FortiSRA appliance setup

Before using FortiSRA-VM, you need to install the KVM or the VMware application to host the FortiSRA-VM device. The installation instructions for FortiSRA-VM assume you are familiar with KVM or the VMware products and terminology.

FortiSRA-VM image installation and initial setup

After FortiSRA is installed, FortiSRA listens using the following default ports:

• HTTPS GUI: 443

• Web proxy: 8080

  (If web proxy is enabled)

Ensure that ports 443 and 8080 are open if using a firewall before FortiSRA.

Once FortiSRA-VM is powered on:

1. At the login prompt, enter admin and hit Enter.

   By default, there is no password, however, a password must be set before you can proceed. Enter and confirm the new administrator password.

2. At the CLI prompt, enter show system storage to verify the disk usage type for the two added hard disks.
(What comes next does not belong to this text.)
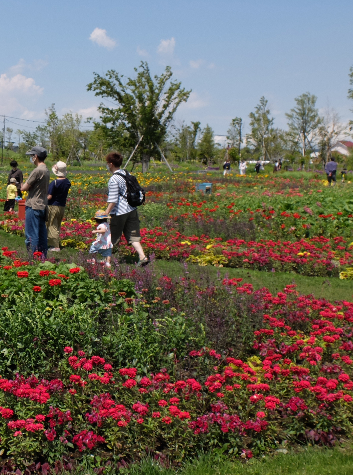 中央広場に設けられた大花壇は24000株以上の花が植えられていて、8割5分方、恵庭産の花が使われ、外側から見た時と花壇内の遊歩道から見た時とで違った色が見えるようにデザインされているそうです。

The output looks like the following:

   Administrators need to configure a dedicated FortiSRA video disk for video recording.

   Two hard disks and two virtual network interface cards need to be added to the VM in VM manager before FortiSRA image installation.

   config system storage

   edit "HD1"

   set status enable

   set media-status enable

   set order 1

   set partition "LOGUSEDXDE8326F6"

   set device "/dev/vda1"

   set size 20023

   set usage log

   next

   edit "HD2"

   set status enable

   set media-status enable

   set order 2

   set partition "PAMVIDEOB471724F"

   set device "/dev/vdb1"

   set size 20029

   set usage video

   next

   end

3. Enter the following CLI commands to set up FortiSRA:

   config system interface

   edit "port1"

   set ip 172.16.x.x/x #Depending on your network setting

   set type physical

   set snmp-index 1

   next

   edit "port2"

   set ip x.x.x.x/x

   set type physical

   set snmp-index 2

   next

   end

   config router static

   edit 1

   set gateway x.x.x.x

   set device "port1"

   next

   end

   When upgrading a FortiSRA instance, use the following CLI command to enable synchronizing the virtual IP address to the IP address of the external interface: Example config firewall vip set intf-ip-sync enable set extintf "port1" #The interface connected to the source network that receives the packets forwarded to the destination network. end When installing a new FortiSRA instance, the synchronization happens automatically.

4. Optionally, enable TPM or vTPM. See FortiSRA with TPM.
5. Optionally, to encrypt disk to protect logs and videos, see Configuring log and video disk encryption.
6. On a web browser, go to https://172.16.xxx.xxx to access FortiSRA GUI.

   To upload the FortiSRA license file, see Uploading the license file to FortiSRA-VM.

7. Optionally, enable displaying a login disclaimer message to show the last successful or failed login date and time:

     config system global
      set post-login-banner enable
     end

   For a detailed example on setting up the login disclaimer using the CLI console, see Disclaimers via the CLI.

   To set up the login disclaimer using the GUI, see the Login Disclaimer option in System > Settings.

8. After logging in to the FortiSRA GUI, go to Log & Report > Email Alert Settings, and:
   1. Select Enable Email Notification.
   2. Add receiver email addresses for critical system notifications in the Critical System Notification tab.

      See Email alert settings and Email alert when the glass breaking mode is activated example.

To update a firmware image:

1. Enter maintenance mode. See Maintenance mode.
2. In the user dropdown on the top-right, go to System > Firmware.

   The Firmware Management window opens.

3. Go to File Upload:
   1. Select Browse, then locate the image.out FortiSRA firmware image on your local computer.
   2. Click Open.
4. Click Confirm and Backup Config. FortiSRA then reboots and the firmware has been updated.

   FortiSRA may take few minutes to reboot.